Les économistes considèrent donc le zonage d’exclusion comme une composante inhérente aux équilibres fiscaux des communes. Elles sélectionnent les nouveaux habitants en limitant la ressource foncière à des fins de rentabilité des équipements publics pour chercher à maîtriser leur développement. Ce type de zonage est donc associé au zonage fiscal qui, par un pouvoir de monopole de la puissance publique, sélectionne implicitement les populations dont les revenus sont en adéquation avec les exigences de gestion des biens publics de la commune d’accueil (seuil plafonné de développement démographique, hausse du prix du foncier, recettes fiscales, etc.).

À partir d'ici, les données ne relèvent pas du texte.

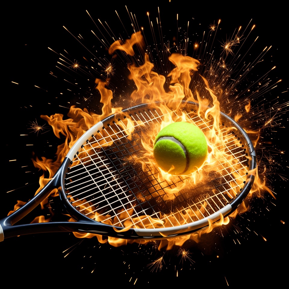 Tennis Ball and Racket in Flames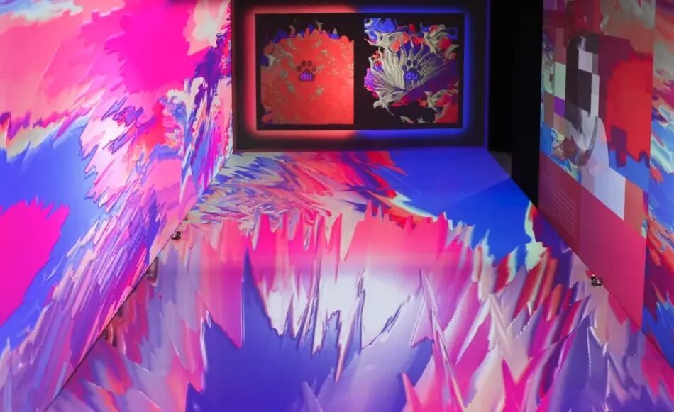 在这里,参与者可与屏幕进行画面互动,挥动手臂,开启Duffy大门,即将探索一场创造性的艺术之路。整个空间被泼墨式的彩色填满,从脚下到四周到天花板,720度沉浸式包裹,都记录着观众走过的痕迹,随动作大小、快慢变化以及触摸感应而变化。

En conclusion de ce paragraphe, nous retenons qu’un document d’urbanisme peut contenir plusieurs types de zonages à la fois dans l’espace et dans le temps, à travers les révisions et modifications de PLU. Le marché de l’immobilier et foncier est un paramètre mal connu, trop peu évalué pour comprendre ses répercussions
dans l’action publique. Cependant, ces pressions fiscales traduisent des stratégies politiques et des règles économiques pouvant prédominer la question paysagère.